3. En deuxième lieu, aux termes de l'article L. 423-7 du code de l'entrée et du séjour des étrangers et du droit d'asile : " L'étranger qui est père ou mère d'un enfant français mineur résidant en France et qui établit contribuer effectivement à l'entretien et à l'éducation de l'enfant dans les conditions prévues par l'article 371-2 du code civil, depuis la naissance de celui-ci ou depuis au moins deux ans, se voit délivrer une carte de séjour temporaire portant la mention " vie privée et familiale " d'une durée d'un an (...). " Aux termes de l'article L. 611-3 du même code, applicable à la date de la décision contestée (jusqu'au 28 janvier 2024) : " Ne peuvent faire l'objet d'une décision portant obligation de quitter le territoire français : / (...) / 5° L'étranger qui est père ou mère d'un enfant français mineur résidant en France, à condition qu'il établisse contribuer effectivement à l'entretien et à l'éducation de l'enfant dans les conditions prévues par l'article 371-2 du code civil depuis la naissance de celui-ci ou depuis au moins deux ans ; / (...). "

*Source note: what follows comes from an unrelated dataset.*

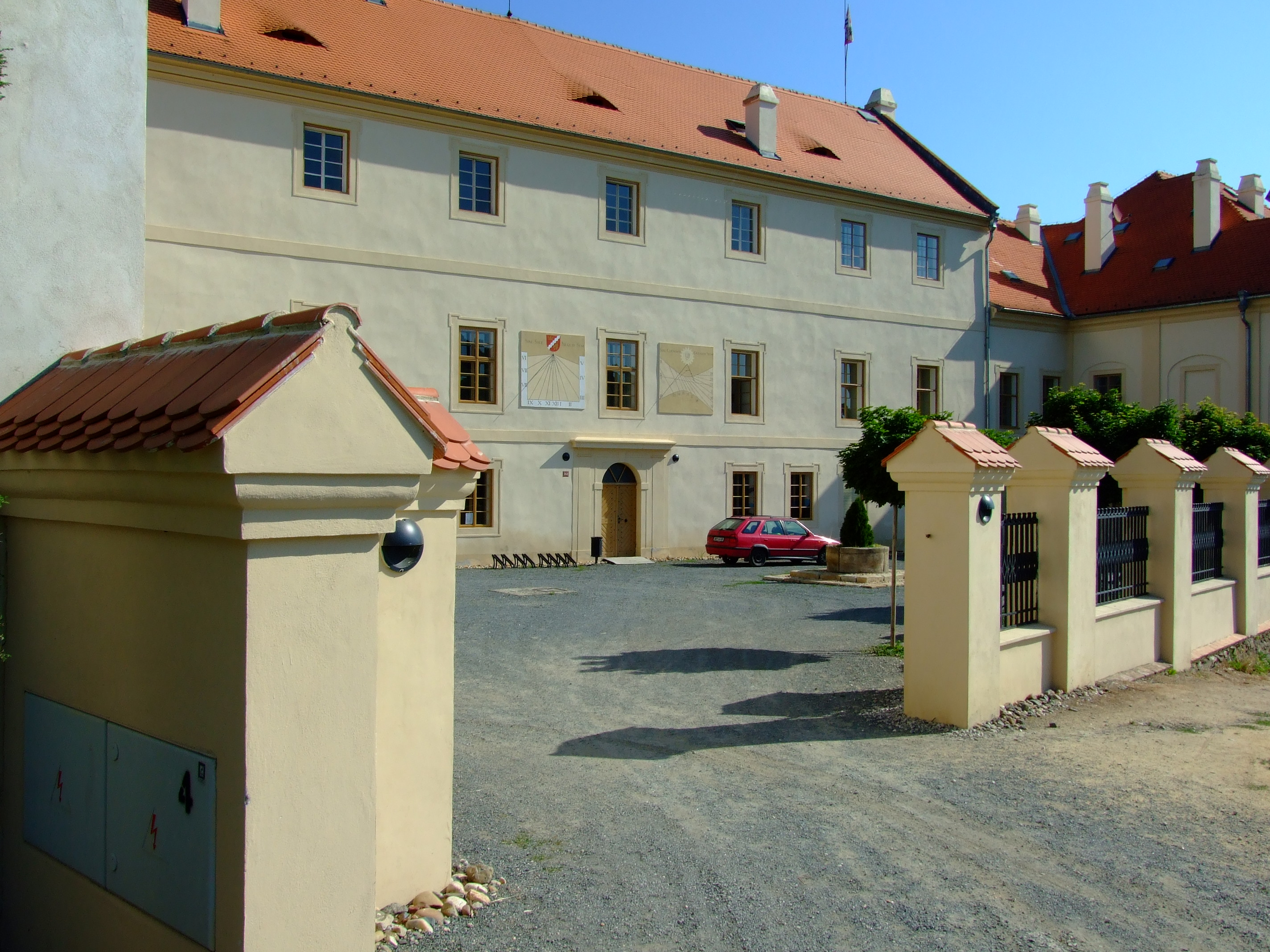 Courtyard of Nižbor castle, Central Bohemian region, CZhelp

4. Il ressort des pièces du dossier que M. C... est père d'un enfant de nationalité française né aux Abymes le 18 avril 2019, et qu'il résidait à cette date avec la mère, Mme A.... Toutefois, le dossier ne permet pas d'apprécier si la vie commune des parents a perduré jusqu'au 3 août 2022, date à laquelle Mme A... a quitté la Guadeloupe pour s'installer en région parisienne avec l'enfant alors âgé de trois ans. Les factures produites, pour l'essentiel relatives à l'année 2019 et établies aux noms de l'enfant ou de la mère, ne démontrent pas une contribution du père à l'entretien de l'enfant, et si M. C... justifie transférer régulièrement des sommes d'argent à Mme A... depuis le 7 octobre 2022, seuls les envois de 100 euros à cette date et de 150 euros le 26 décembre 2022 sont antérieurs à l'obligation de quitter le territoire français du 11 janvier 2023. Enfin, l'attestation de Mme A... du 17 janvier 2024, selon laquelle elle se trouve " toujours en relation familiale " avec M. C..., ne suffit pas à démontrer que ce dernier contribuerait effectivement à l'éducation de son fils. Dans ces circonstances M. C... n'est pas fondé à se prévaloir d'un droit au séjour en qualité de père d'un enfant français.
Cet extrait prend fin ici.